Pemerintah Provinsi (Pemprov) Sumatera Utara (Sumut) melalui Badan Usaha Milik Daerah (BUMD) PT Dhirga Surya Sumatera Utara resmi menjalin kesepakatan dengan PT Murni Sadar Tbk (RS Murni Teguh). Kedua belah pihak menandatangani Nota Kesepahaman (MoU) terkait rencana pembangunan dan operasional rumah sakit bertaraf internasional di wilayah Sumut.
Penandatanganan strategis ini dilangsungkan di Ruang Rapat 7, Kantor Gubernur Sumut, Kota Medan, pada Jumat (19/6/2026). Kesepakatan diteken langsung oleh Direktur Utama PT Dhirga Surya, Ari Wibowo, bersama Presiden Direktur PT Murni Sadar Tbk, Mutiara, serta disaksikan oleh jajaran petinggi Pemprov Sumut.
Cegah Aliran Dana Medis ke Negara Tetangga
Gagasan pembangunan rumah sakit kelas dunia ini tidak lepas dari fenomena tingginya mobilitas warga Sumut yang mencari pengobatan di luar negeri. Asisten Pemerintahan dan Kesejahteraan Rakyat Setdaprov Sumut, Basarin Yunus Tanjung, mengungkapkan fakta mengejutkan terkait tingginya angka penerbangan medis tersebut.
“Setiap hari enam sampai sembilan penerbangan dari Sumatera Utara ke negara tetangga untuk tujuan pemeriksaan kesehatan maupun pengobatan. Kenapa pasar ini tidak kita kelola sendiri sehingga uang masyarakat tidak mengalir ke luar negeri,” tegas Basarin.
Untuk mengimbangi hal tersebut, Pemprov Sumut terus mendorong:
- Peningkatan kapasitas tenaga kesehatan melalui simposium dan seminar.
- Pemberian kemudahan dalam pengadaan peralatan medis mutakhir.
- Penerapan skema Kerja Sama Operasional (KSO) untuk fasilitas kesehatan.
Target 6 Bulan Menuju Perjanjian Konkret (PKS)
MoU yang baru ditandatangani ini akan berlaku selama enam bulan dan berfungsi sebagai tahap awal (roadmap) perencanaan. Pemprov Sumut berharap dalam kurun waktu tersebut, seluruh kajian dan persyaratan administrasi dapat rampung sehingga statusnya meningkat menjadi Perjanjian Kerja Sama (PKS) yang mengikat secara teknis.

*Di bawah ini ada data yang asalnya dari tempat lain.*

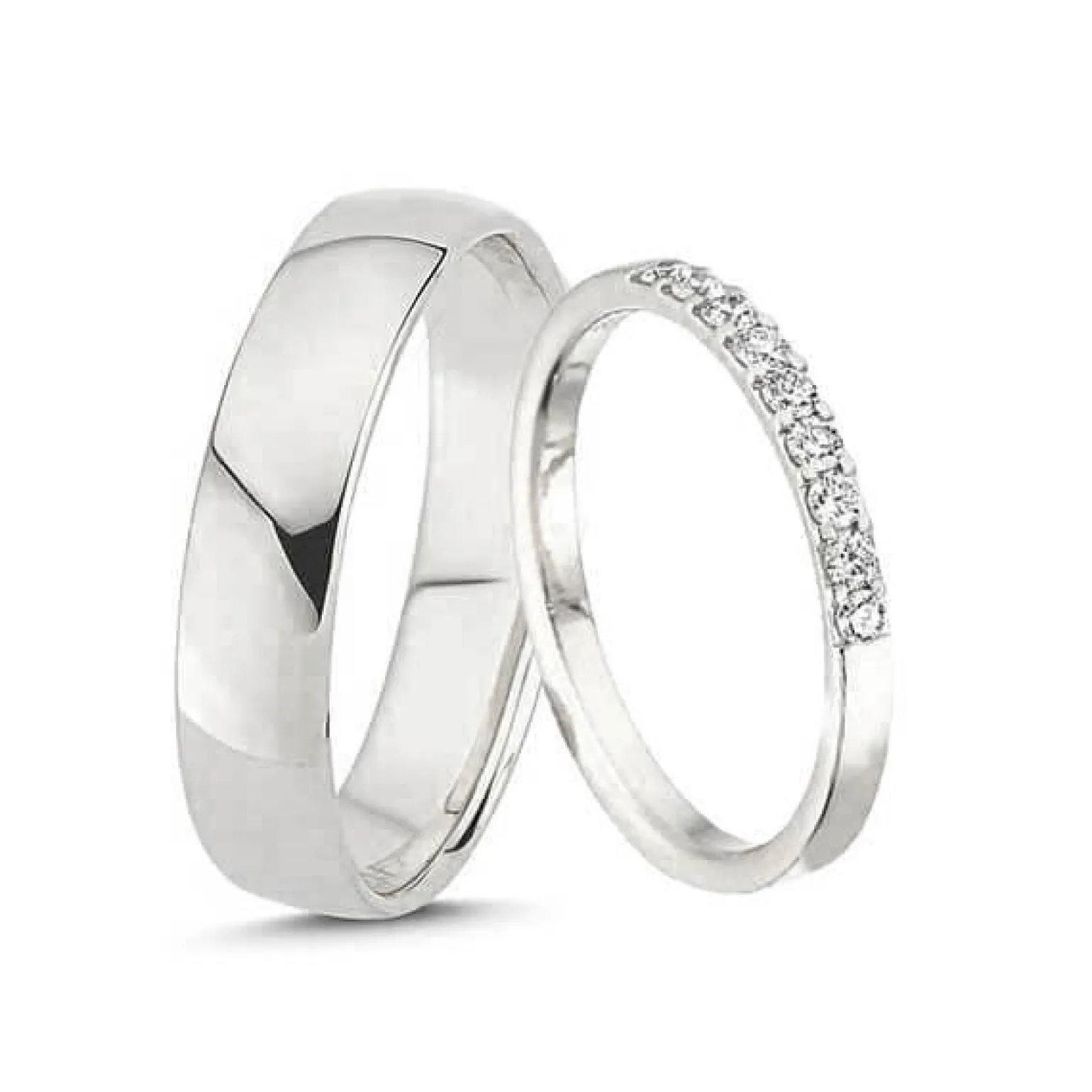 Rhodinierte Eheringe aus Silber mit 5 Diamanten im Damenring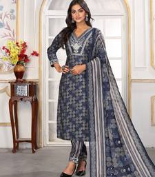 Blue color chanderi fabric designer printed readymade kurta set for trendy girls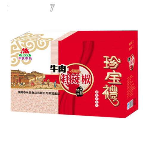 濮陽市米氏食品有限公司主打產(chǎn)品米氏心情牛肉耗辣椒禮盒。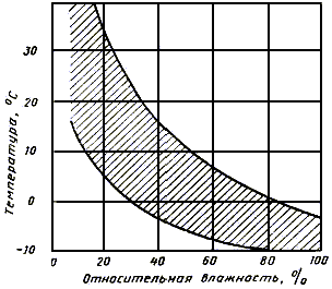 2.4. Измерения не проводят во время осадков, при скорости ветра более 5 м/с, а также при неблагоприятных сочетаниях температуры и относительной влажности окружающего воздуха, когда затухание звука в воздухе для третьоктавной полосы с центральной частотой 8 кГц превышает 10 дБ на 100 м. Зона неблагоприятных условий сочетания температуры и относительной влажности воздуха представлена на черт.1 в виде заштрихованного участка.
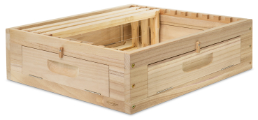 für 10 Rähmchen Dadant US Honig mit 141 mm Höhe, mit festen verbautem Abstandsrechen. Der Clou sind die über Scharniere zu öffnenden vier Seitenwände hinter denen sich jeweils eine Plexi-Scheibe für den ungehinderten Blick in das Bienenvolk befindet. Design registriert beim DPMA und gesetzlich geschützt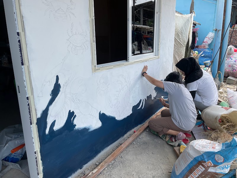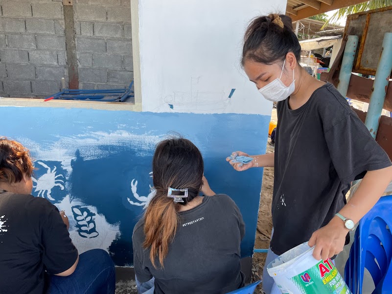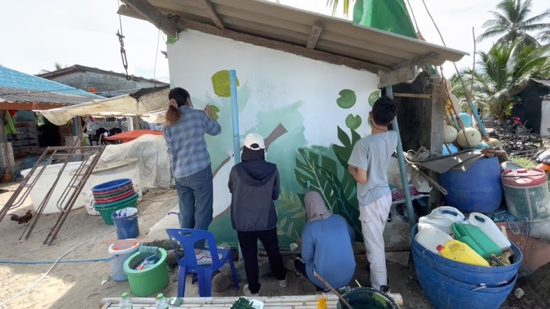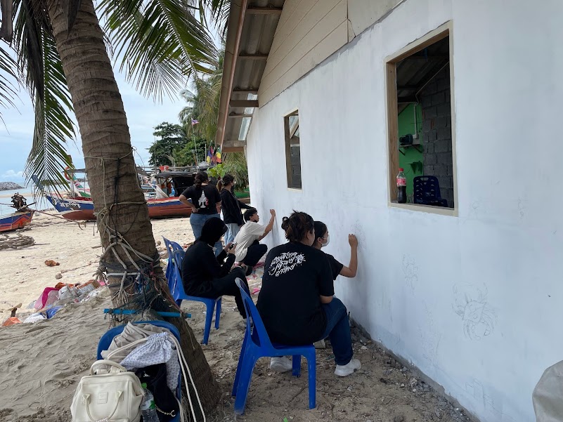 From the success of the Blue Crab Bank and the marine natural resource conservation of Ban Nong Hong community, Ko Petch Sub-district, Hua Sai District, Nakhon Si Thammarat Province. And the better community economy, this community has become an important learning centre where various agencies and other communities have come to study and visit the development of the community. The residents of Ban Nong Hong community, Ko Petch Sub-district, Hua Sai District, Nakhon Si Thammarat Province The community therefore had a meeting to discuss wanting to create a media to recognize the way of life of the community through drawing media. To show the environment and community way of life around the wall of the community paving bank building. Therefore coordinated with the School of Architecture and Design Walailak University Through the academic service centre of the University for the School of Architecture to bring students to the area to create media perception of community life through drawing media For the past actions, there are steps in the operation as follows.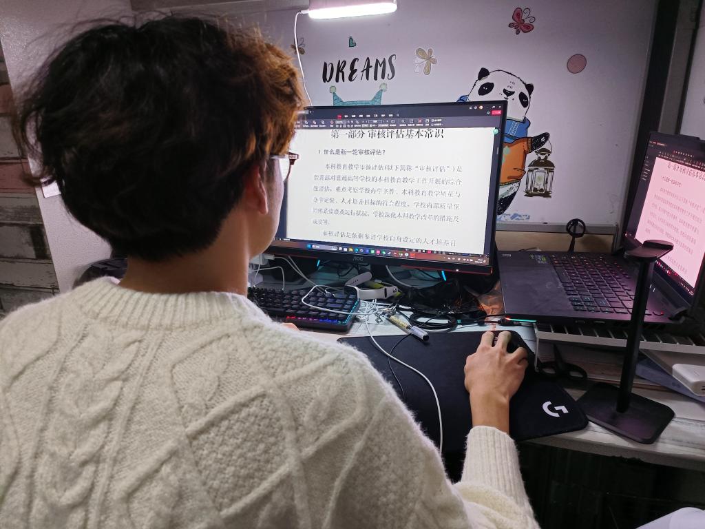 (通讯员 梁妍婧)为了迎接学校新一轮本科教育教学审核评估,营造人人关心、支持和参与的热烈氛围,全面提高学院师生对审核评估的认识和理解,以更好地推动我校教育教学质量的提升,学院组织开展了“本科教育教学审核评估应知应会手册”专题学习活动,本次活动通过专题班会、课前宣讲、宿舍走访等多种方式进行。

Hal senada diungkapkan oleh Direktur Utama PT Dhirga Surya, Ari Wibowo. Ia menegaskan bahwa proyek ini merupakan wujud komitmen nyata untuk memberikan layanan kesehatan terbaik bagi sekitar 15 juta penduduk Sumatera Utara.
“Kami optimistis proyek ini dapat menjadi kebutuhan sekaligus kebanggaan masyarakat Sumatera Utara serta menjadi wajah baru sektor kesehatan di daerah,” ujar Ari.

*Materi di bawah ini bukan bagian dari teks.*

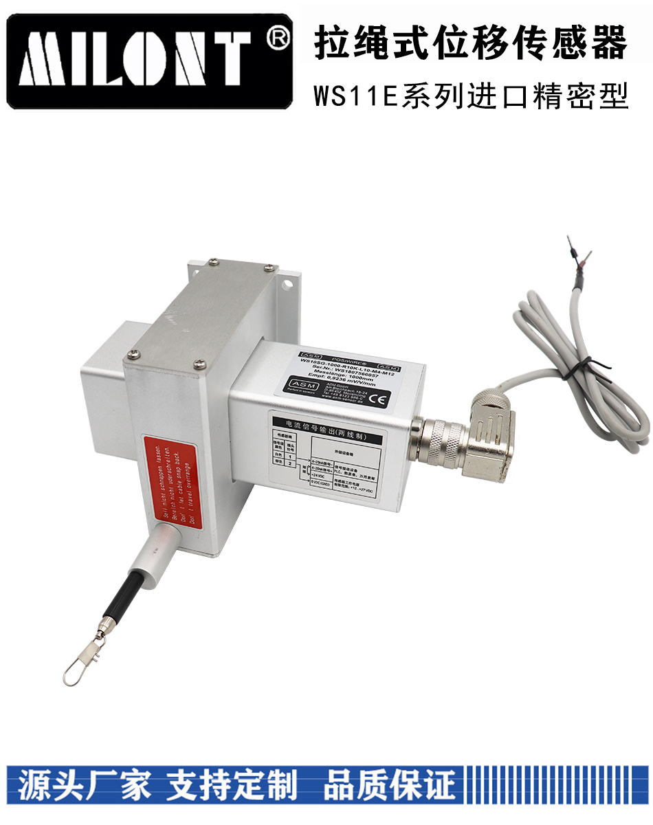 WS12E系列拉繩位移傳感器是德國BEBIK進(jìn)口傳感器,內(nèi)部采用電位器原理,精密的機械結(jié)構(gòu)和先進(jìn)的排線工藝,使其很好的解決了工況復(fù)雜環(huán)境下造成的掉線,卡線等問題,量程0-10000mm可選,可輸出模擬信號:0-5V,0-10V,4-20mA。數(shù)字信號:RS485等。主要適用于:倉儲位置定位、水庫大壩保護(hù)、閘門開度控制、壓力機械、造紙機械、紡織機械、金屬板材機械、包裝機械、印刷機械、水平控制儀、建筑機械、工業(yè)機器人、射出機、木工機械、電梯、空氣壓縮機、油壓機、高度機、X-Y軸及其它長度位移、液位測量等自動化測量場合。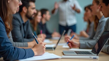 A multicultural team of business people engaged in a creative brainstorming session, working collaboratively on a project. The image highlights teamwork, innovative thinking, and diverse perspectives.

Penguatan Kompetensi Tenaga Medis
Sementara itu, Presiden Direktur PT Murni Sadar Tbk, Mutiara, menyatakan dukungan penuh perusahaannya terhadap inisiatif besar ini. Fokus utama dari kerja sama ini bukan hanya pada pembangunan fisik, tetapi juga pada peningkatan kualitas Sumber Daya Manusia (SDM).
Ke depannya, RS Murni Teguh bersama Pemprov Sumut akan mengadakan berbagai program pelatihan intensif dan berkolaborasi dengan tenaga ahli internasional. Harapannya, masyarakat dapat menikmati layanan medis dengan teknologi tinggi dan penanganan ahli berskala global langsung di rumah sendiri.
“Setiap hari ada enam sampai sembilan penerbangan dari Sumatera Utara ke negara tetangga untuk tujuan pengobatan. Potensi ini perlu dibarengi peningkatan kualitas layanan kesehatan di daerah, sehingga masyarakat tidak perlu lagi keluar negeri untuk mendapatkan pelayanan yang setara.” — Basarin Yunus Tanjung, Asisten Pemerintahan dan Kesejahteraan Rakyat Setdaprov Sumut.